Segment Open

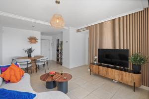 Featuring a private entrance, this air-conditioned apartment comprises 1 living room, 2 separate bedrooms and 2 bathrooms with a shower and a hairdryer. Meals can be prepared in the kitchen, which comes with a stovetop, a refrigerator, a dishwasher and kitchenware. The spacious apartment provides a washing machine, a coffee machine, a seating area, a flat-screen TV with streaming services, as well as sea views. The unit offers 3 beds.
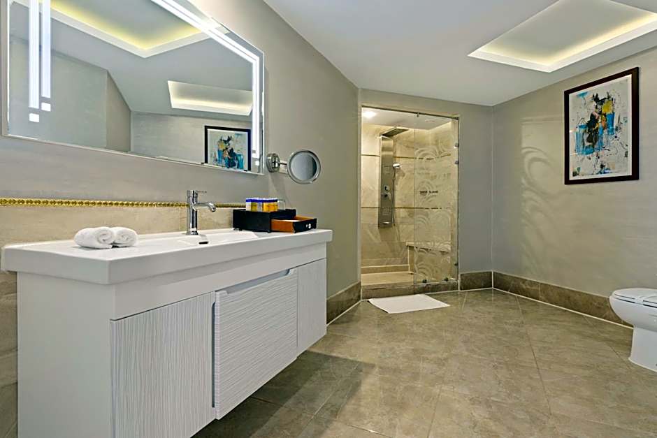 The resort offers a plethora of amenities to keep you entertained throughout your stay. From a free water park and outdoor swimming pool to a private beach area and kid-friendly buffet, there's something for everyone. Other amenities include a Turkish/Steam Bath, water sports facilities, spa services, a fitness center, and even live music performances.
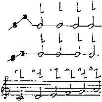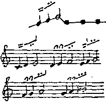 Тот же речитативный мотив, в котором вершина находится на две ступени выше речитатива. Она подтягивает наверх последующую тонему, становящуюся связкой между речитативными повторами и вершиной (принцип подвешенной на разной высоте нитки с бусинками)...и др. |
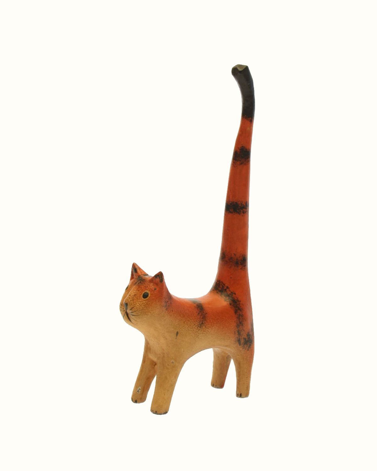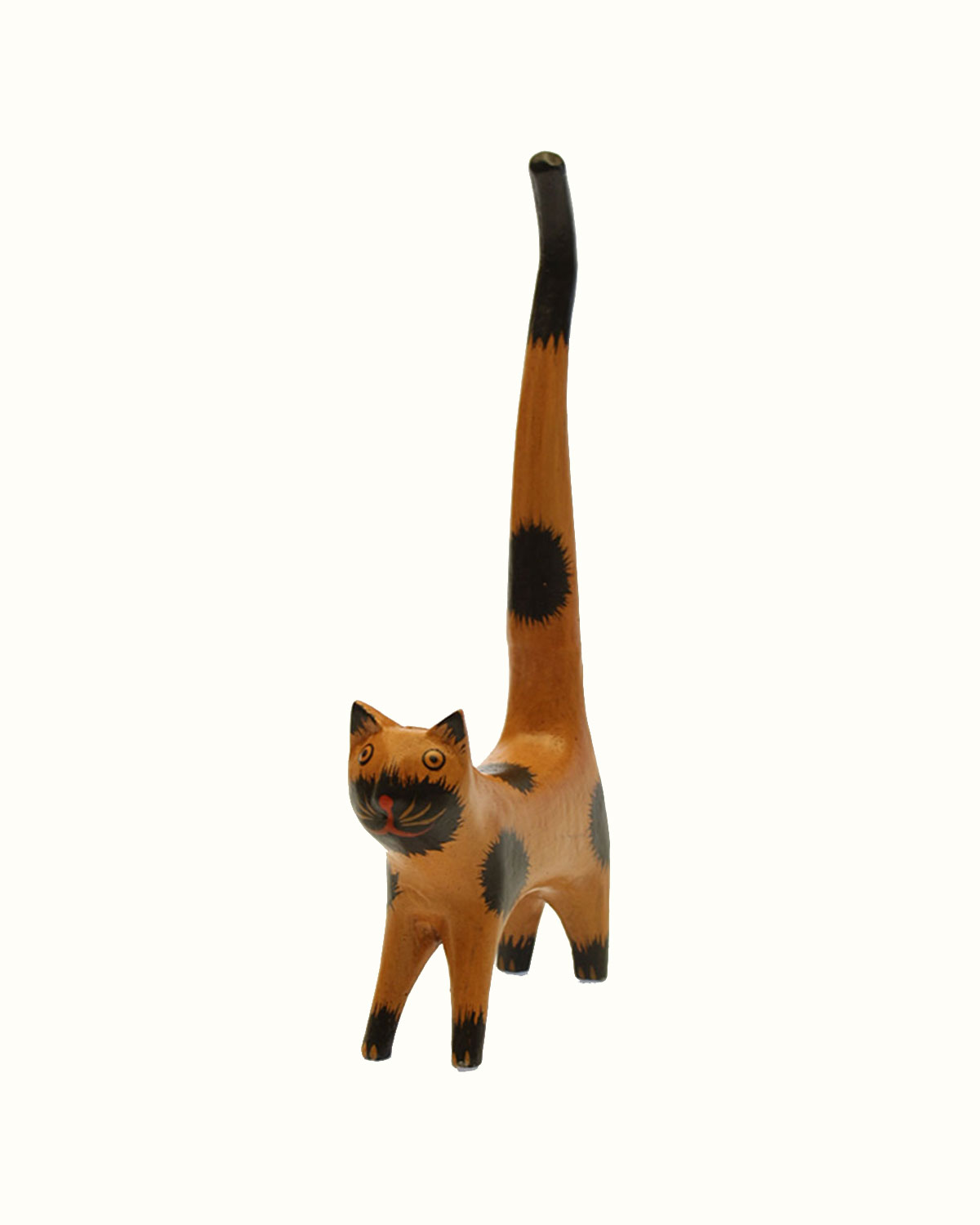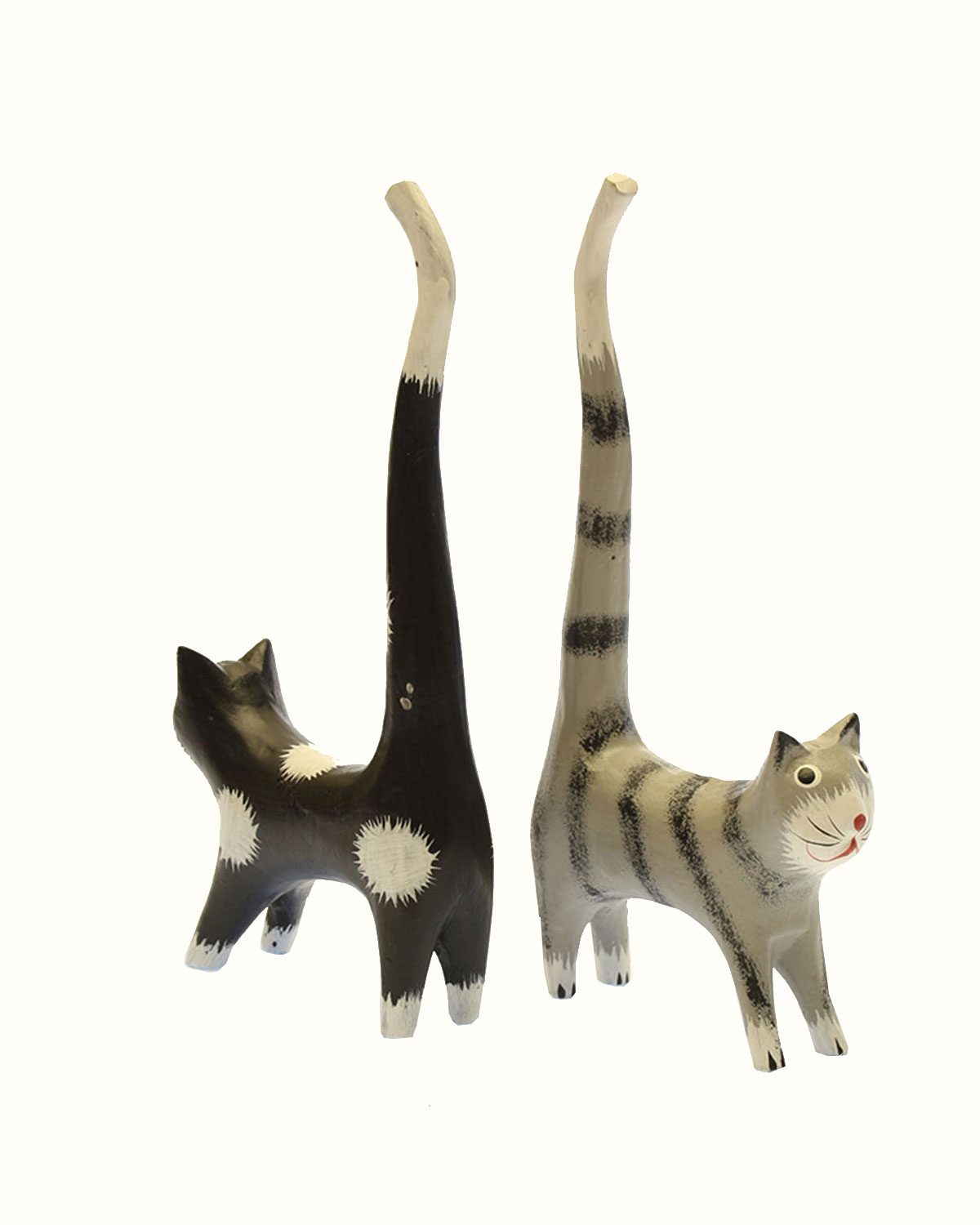 Graziosi micini portanelli, realizzati in legno, intagliati e dipinti a mano da artigiani indonesiani. Simpatici piccoli micini, grazie alla loro lunga coda sono dei funzionali porta anelli, piacevoli anche come pensierini portafortuna. Disponibili color nero, grigio, marroncino, rosso con striature più scure. Misure: cm 13 x 4, h cm 25.
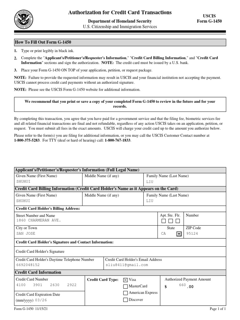 We recommend that you print or save a copy of your completed Form G-1450 to review in the future and for your
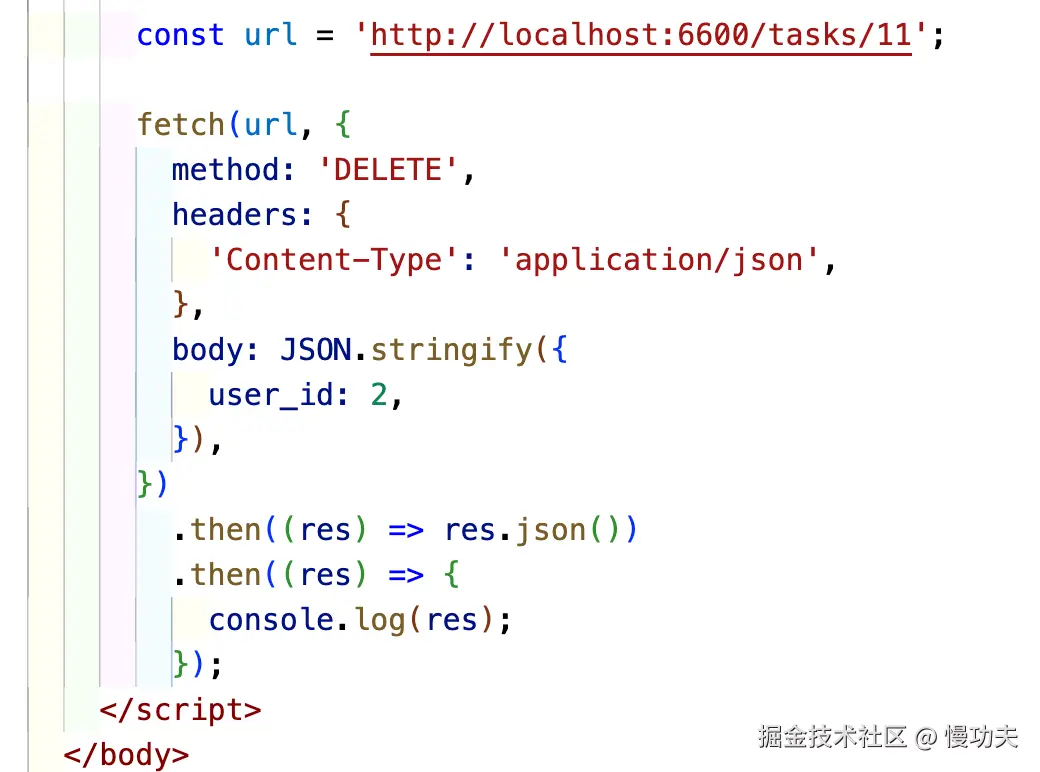 fetch(url, {method: 'DELETE'}); // 发送DELETE请求

Segment Closed

- _Work to be completed_
Give the listing above again in its entirety, exactly as written and free of images.

- _The answer_
 Featuring a private entrance, this air-conditioned apartment comprises 1 living room, 2 separate bedrooms and 2 bathrooms with a shower and a hairdryer. Meals can be prepared in the kitchen, which comes with a stovetop, a refrigerator, a dishwasher and kitchenware. The spacious apartment provides a washing machine, a coffee machine, a seating area, a flat-screen TV with streaming services, as well as sea views. The unit offers 3 beds.
 The resort offers a plethora of amenities to keep you entertained throughout your stay. From a free water park and outdoor swimming pool to a private beach area and kid-friendly buffet, there's something for everyone. Other amenities include a Turkish/Steam Bath, water sports facilities, spa services, a fitness center, and even live music performances.
 Тот же речитативный мотив, в котором вершина находится на две ступени выше речитатива. Она подтягивает наверх последующую тонему, становящуюся связкой между речитативными повторами и вершиной (принцип подвешенной на разной высоте нитки с бусинками)...и др. |
 Graziosi micini portanelli, realizzati in legno, intagliati e dipinti a mano da artigiani indonesiani. Simpatici piccoli micini, grazie alla loro lunga coda sono dei funzionali porta anelli, piacevoli anche come pensierini portafortuna. Disponibili color nero, grigio, marroncino, rosso con striature più scure. Misure: cm 13 x 4, h cm 25.
 We recommend that you print or save a copy of your completed Form G-1450 to review in the future and for your
 fetch(url, {method: 'DELETE'}); // 发送DELETE请求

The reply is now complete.